I see today that Impala some how not able to read the metadata. I created a table in Hive with text format, data loaded into Hive, Alter the file format to PARQUET using alter table <table name>SET FILEFORMAT PARQUET. Now I did invalidate metadata <tablename> in Impala, I can very well see the table in Impala by doing Show tables, but if I do describe it say's it can't load the metadata.
E1015 06:20:11.609848 34004 Analyzer.java:1445] Failed to load metadata for table: XXXXXX
Failed to load metadata for table: XXXXX. Running 'invalidate metadata XXXXXX may resolve this problem.
CAUSED BY: NullPointerException: null
I1015 06:20:11.610817 34004 jni-util.cc:177] com.cloudera.impala.common.AnalysisException: Failed to load metadata for table: xxxx
Caused by: com.cloudera.impala.catalog.TableLoadingException: Failed to load metadata for table: xxxxxx
CAUSED BY: NullPointerException: null
Any suggestions/inputs to share
Impala 1.4.0. Also additional input is it seems hive also not able to see the table after using alert command, so may not be a problem.
But I don't understand why we allow alter command to change file format and after doing that then it says Table not found. Really interesting to know what's happening here.

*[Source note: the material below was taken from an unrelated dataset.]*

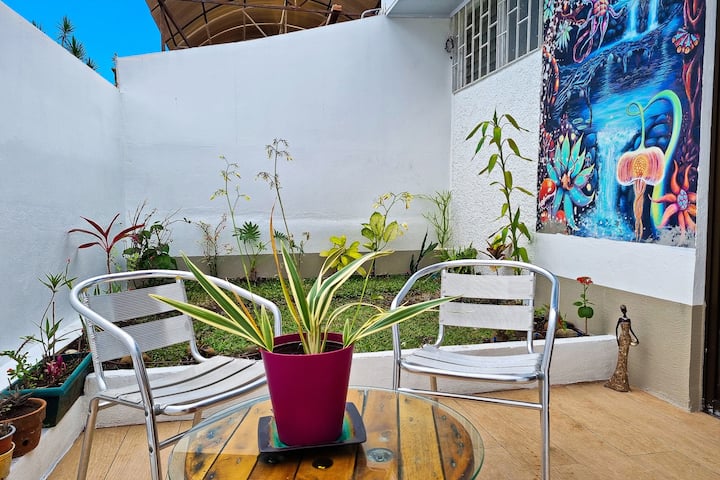 نحن كازا جاردين ديل مانجو، وهي مجموعة ضيافة محلية تحتوي على غرف وشقق في ثلاثة عقارات قريبة في لا سابانا، سان خوسيه. نحن نقدم غرفًا خاصة ومشتركة، بالإضافة إلى شقق كاملة مع مطابخ. تحتوي جميع الوحدات على مداخل خاصة وإمكانية الوصول إلى المساحات المشتركة مثل الحديقة والمطبخ والصالة. مناسب للحيوانات الأليفة، وهو مثالي للإقامات القصيرة أو الطويلة، في منطقة آمنة بالقرب من الحديقة والملعب.

Thanks for following up, I'm looking into the problem since it looks like a bug.
Still I want to make sure to address your ultimate goal: My understanding is that you created a text table in Hive, and then used ALTER TABLE <tbl> SET FILEFORMAT PARQUET in Impala. Then "DESCRIBE <tbl>" fails in Impala.

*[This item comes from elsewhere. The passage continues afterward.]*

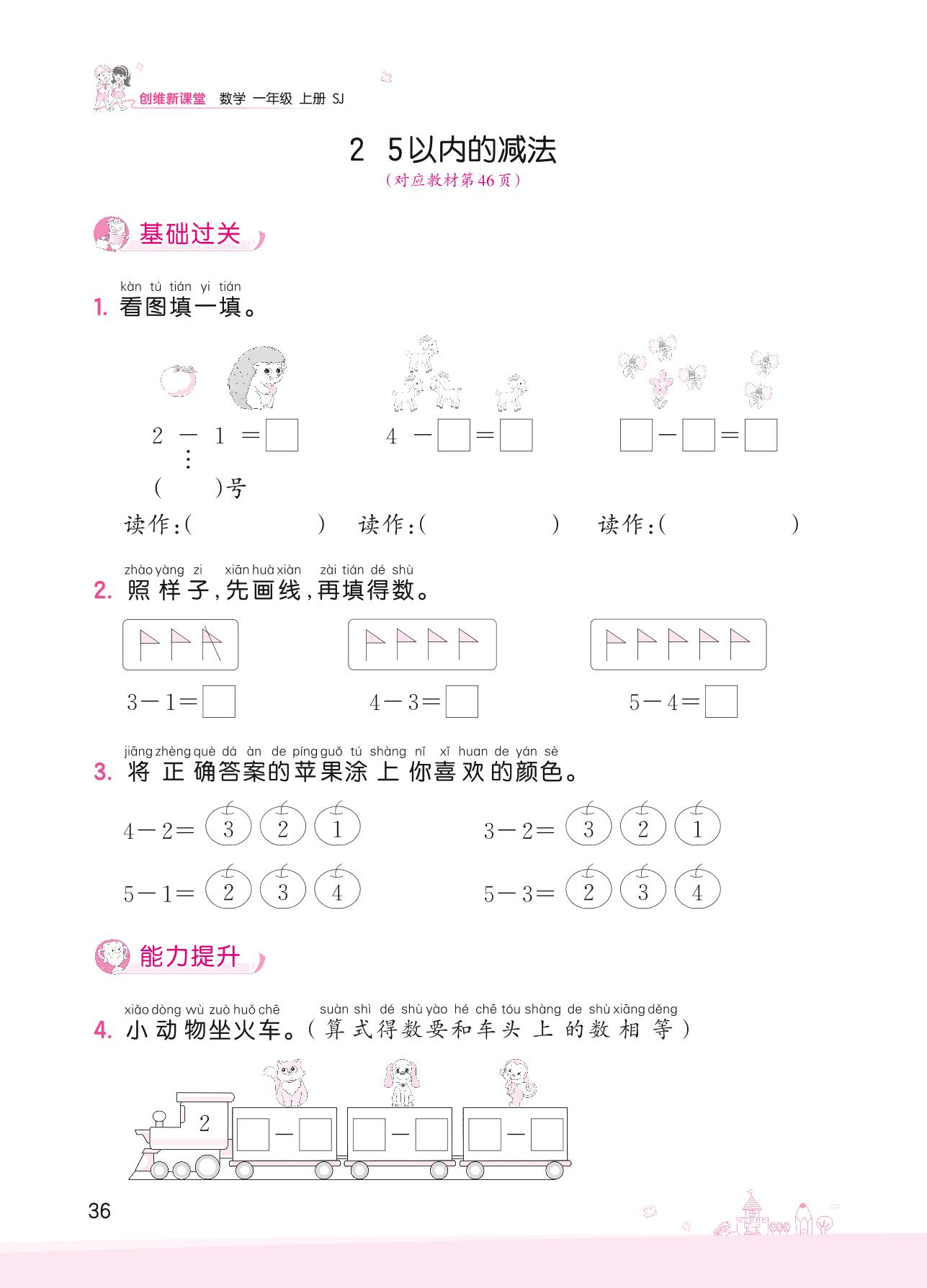 2022上册一年级数学苏教版 八 10以内的加法和减法——2 5以内的减法

What's the intention behing the ALTER command? The alteration will only chgange the table metadata, and not the data itself, i.e., the data is still stored in text, but Impala will attempt to interpret the text files as Parquet and fail.
I wasn't able to repro the issue on 1.4 with these steps:
1. hive> create table t (i int);
2. hive> insert into t select 1 from someexistingtable;
3. impala> invalidate metadata t;
4. impala> alter table t set fileformat parquet;
5. impala> descrobe t;
Could you detail the steps used to produce the issue on your end so I can investigate futher? Thanks!
Thanks for your time. Finally I got the point where I was doing the mistake, solved but still lot of questions in the mind.
Objective: Convert the existing text table to parquet table for performance gains
The actions performed are as below
hive> create table t2 like t1; # t1 is text formatted table
hive> insert into table t2 select * from t1;
hive>alter table t2 set fileformat=parquet
Impala> Invalidate metadata t2;
Impala> desc formatted t2;
Result: error, failed to load metadata, invalidate may help message.
After posting this query and did some mor work, found that even Hive was not able to describe the table.
NOte: Here I see a problem, we are in Hive version 12, the command returned successful, but it is not able to describe the table. I really see this as major issue, because when we allow the command and made successful changes to metadata , but unable to load metadata then we are lost, we will not be able to do any thing for this table, neither alter to original format nor drop the table. Don't you see this as issue?
Now I found for Hive 12 version I need to follow the below
alter table <tablename>set serde '<parquet serde>';
alter table <tablename> set fileformat inputformat "<parquet inputformat class>"
alter table <tablename> set fileformat outputformat "<parquet outputformat class>"
Now the first problem is solved, of course not on the same table as t2, i did exerice on another new tables, so now I could describe the table both on Impala and Hive. but not able to read the data because as you mentioned the underlying data is csv not parquet. Here I forgot to reload the data so that the data can be converted to parquet while copying it to new table with new altered format. finally now the issue is solved and more over it was not impala issue.
but still I have doubt, may be fundamental: alter table set fileformat will just change table metadata information, so do we see really such cases where user will just need to alter table properties to parquet or ORC. Not able think of such scenario. when user has to take care of underlying data formats, then a warning mentioning that, user should alter data file to the respective <fileformat> to read the data would really help, I think
thanks for following up in such great detail!
I completely agree that DDL commands should never leave a table in a state where it cannot even be dropped. As you pointed out, this seems to be a Hive issue.
I share your concern regarding the behavior of ALTER TABLE, however, there are legitimate uses for it. For example, if a user accidentally set the wrong format, she can change it later. You can also alter partitions of the same table to have different file formats. Last, users may have the opposite expectation as you do, and having ALTER rewrite all data into a new format against a users expectation is arguably worse than later realizing that ALTER only changes the table metadata. Your suggestion of issuing a warning sounds like a good compromise, thanks!
select c.category_name, count(order_item_quantity) as count
from order_items oi
inner join products p on oi.order_item_product_id = p.product_id
inner join categories c on c.category_id = p.product_category_id
group by c.category_name
order by count desc
i have the same error too AnalysisException: Could not resolve table reference: 'products
Nad1998, that's a different error - it means your 'products' table does not exist or is not visible to Impala (try running 'invalidate metadata products', then retry query).